小説は人によって作り上げる過程が大きく違う。例をあげるならば商業作家であっても、プロットを書く人と書かない人がいる。
念密なプロットを練りあげてから小説を書き始める人や目の前に置かれた白紙の画面だけで書き上げる人まで様々だ。
私が知っている中で言えば、森博嗣氏はプロットを書かないそうだ。まさに無の状態からあれだけの多作を作り上げられるのだからさすがとしかいいようがない。
おそらく、彼はアイデアを頭の中でまとめ、設定を整理して覚えておく能力が優れているのだろう。
一方、プロットを作り、設定を完全に作り上げてから小説を書き始める人もいる。その場合、展開を最初から考えていることで最後まで一定のペースを保ち書き上げられると思う。それに比べて何も無いところから書き始めた場合、最後まで破綻なく作品を完結させることは非常に難しい。
また、複雑な物語を作るときはこちらの方法が優れている。より長編になればなるほどプロットを用意したほうがいいだろう。
さて、最後に私の場合を書いておこう。参考になるかは疑問が残るが。
まず、登場人物の設定と世界設定は概ね書き出しておいている。ただ、すべてをきっちり決めずにある程度の幅を持たせている。
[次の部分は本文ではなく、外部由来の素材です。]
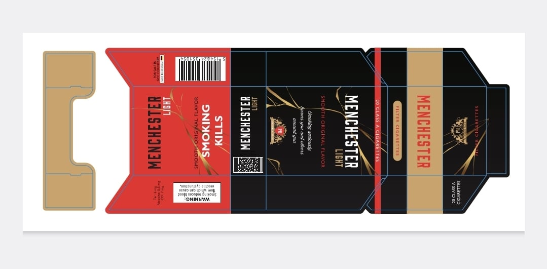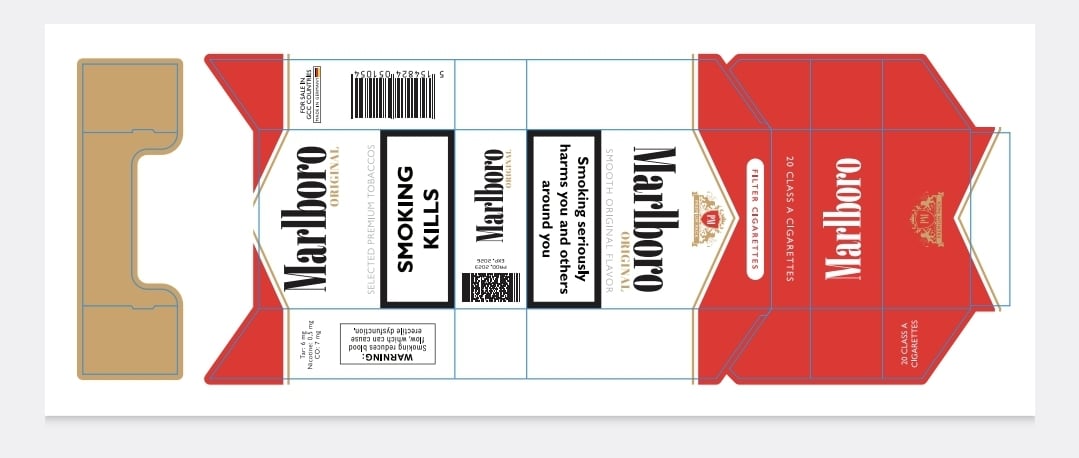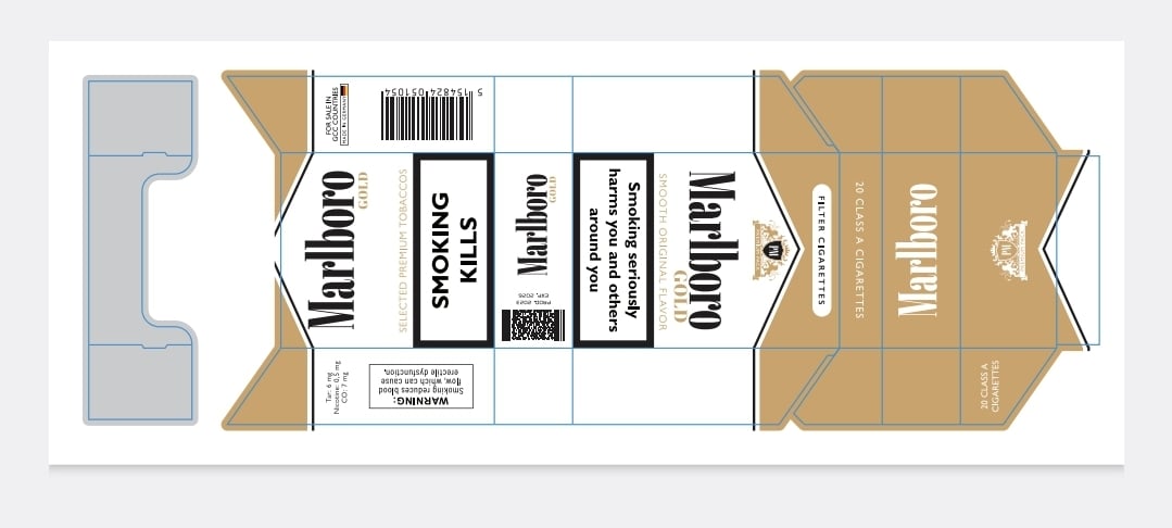 This is a digital design template for creative or illustrative purposes only. Not for actual tobacco product production. Health warning text and images are for placeholder use and should be updated for legal compliance if used in real packaging projects.

そのほうが物語を作る上で発展的な内容を加えることができるからだ。
一方プロットを書くとはあまりしない。なぜだって、それはプロットが面白くてもそれにとらわれると結局面白さが半減するからだ。
それならば作らない方がましだ。
漫画でいうところの、ネームは面白いのにペン入れしたらつまらなくなったみたいなものである。
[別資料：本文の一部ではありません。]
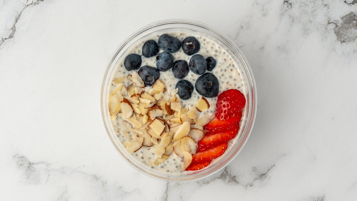 Proteinrik kjøleskaps grøt med cottage cheese, frukt og bær.

僕の場合、付け加えるならばプロットを作ったことで満足してしまうことも多いからだ。それで安心してしまい、結局書かずじまいだったことがなんどもある。
だから僕はプロットは書かない。
代わりに使っているのが、小さな章をたくさん作ることである。良い物語の流れは起承転結で成り立っているが、さらに分解すれば各項目の中にも無数の章が沢山ある。
それらを書き出していることで、大まかな展開を考えだしておくのだ。この曖昧さが僕にとっては心地良い。
例えば
第一章 旅立ち
第2章 出会い
第3章 誰々との過去
みたいな感じである。言ってしまえば目次みたいなものだ。
こんな方法で僕は小説を書いている。みなさんはどうだろうか。